Dossier : IMM-6548-21

Référence : 2023 CF 342

[TRADUCTION FRANÇAISE]

Ottawa (Ontario), le 14 mars 2023

En présence de madame la juge Rochester

ENTRE:

ROSMOND ADAIR

KAREN NICHOLE PRIMUS

demanderesses

et

LE MINISTRE DE LA CITOYENNETÉ
ET DE L’IMMIGRATION

défendeur

JUGEMENT ET MOTIFS

I. Aperçu

[1] Les demanderesses, mesdames Rosmund Adair et Karen Nichole Primus, sollicitent le contrôle judiciaire de la décision par laquelle un agent d’immigration [l’agent] a rejeté la demande de résidence permanente présentée par Mme Primus et a conclu que Mme Primus ne répondait à aucun des critères énumérés pour définir la catégorie du regroupement familial aux termes de l’article 117 du Règlement sur l’immigration et la protection des réfugiés [le RIPR]. L’agent n’était pas convaincu que des considérations d’ordre humanitaire justifiaient l’octroi d’une dispense au titre du paragraphe 25(1) de la Loi sur l’immigration et la protection des réfugiés, LC 2001, c 27 [la LIPR] de l’application de l’alinéa 117(1)h) du RIPR [la décision].

[2] La demanderesse principale, Mme Primus, est une citoyenne de Saint-Vincent-et-les Grenadines [Saint-Vincent] âgée de 48 ans. Elle est entrée au Canada pour la première fois en 2000 en tant que visiteur. Dès 2002, toutefois, elle était sans statut. Une ordonnance d’exclusion a été prise contre elle en 2006, et elle est retournée à Saint-Vincent, où elle réside depuis lors. Pendant que Mme Primus était au Canada, elle a eu deux enfants, un garçon et une fille, qui sont retournés à Saint-Vincent avec elle.

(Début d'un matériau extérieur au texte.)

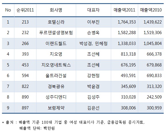 국내에서 여성CEO가 경영을 맡고 있는 기업으로는 삼성그룹 이건희 회장의 장녀 이부진 사장이 맡고 있는 호텔신라가 213위로 가장 높은 순위를 보였고 국내 최고의 전문경영인으로 꼽히는 손병옥 대표가 키워낸 푸르덴셜생명보험이 232위로 그 뒤를 이었다.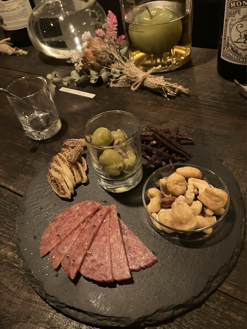 雨の夜、贅沢に貸切で堪能したあと、おつまみとお酒が味わえる幸せ。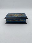 Vintage Hand Carved Floral Inlay Lined Wooden Jewelry Trinket Box Dark Wood 7x5”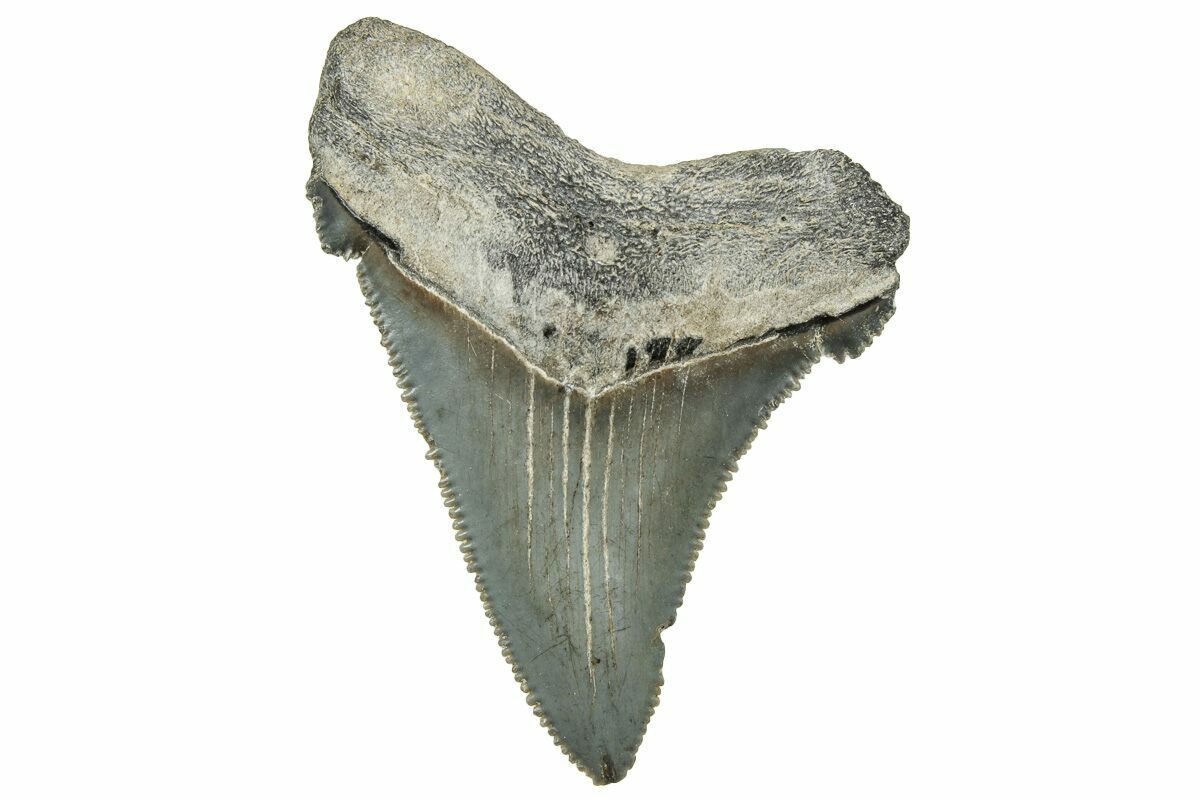 This is a serrated, 2.10" long fossil Otodus angustidens shark tooth. Angustidens is believed to be an ancestor of the fearsome megalodon shark, though it did not grow nearly as large.

[3] Mme Adair, qui est citoyenne canadienne, est la tante de Mme Primus et sa répondante. Elle a 59 ans. Mme Adair a pris soin de Mme Primus lorsqu’elle était enfant, et cette dernière a vécu chez elle pendant sa préadolescence et son adolescence. Étant donné que Mme Adair a déjà des proches parents au Canada, dont un conjoint citoyen canadien et une fille, Mme Primus ne répond pas à la définition de membre de la catégorie du regroupement familial au titre de l’article 117 du RIPR. Par conséquent, Mme Primus a demandé une dispense pour des considérations d’ordre humanitaire, dispense qui lui a été refusée.

[4] Les demanderesses soutiennent que l’agent i) a effectué une analyse déraisonnable et lacunaire de l’affirmation de Mme Primus selon laquelle elle est membre de fait de la catégorie du regroupement familial; ii) a commis une erreur dans son analyse de l’intérêt supérieur des enfants; iii) s’est concentré uniquement sur les difficultés sans tenir compte des considérations d’ordre humanitaire.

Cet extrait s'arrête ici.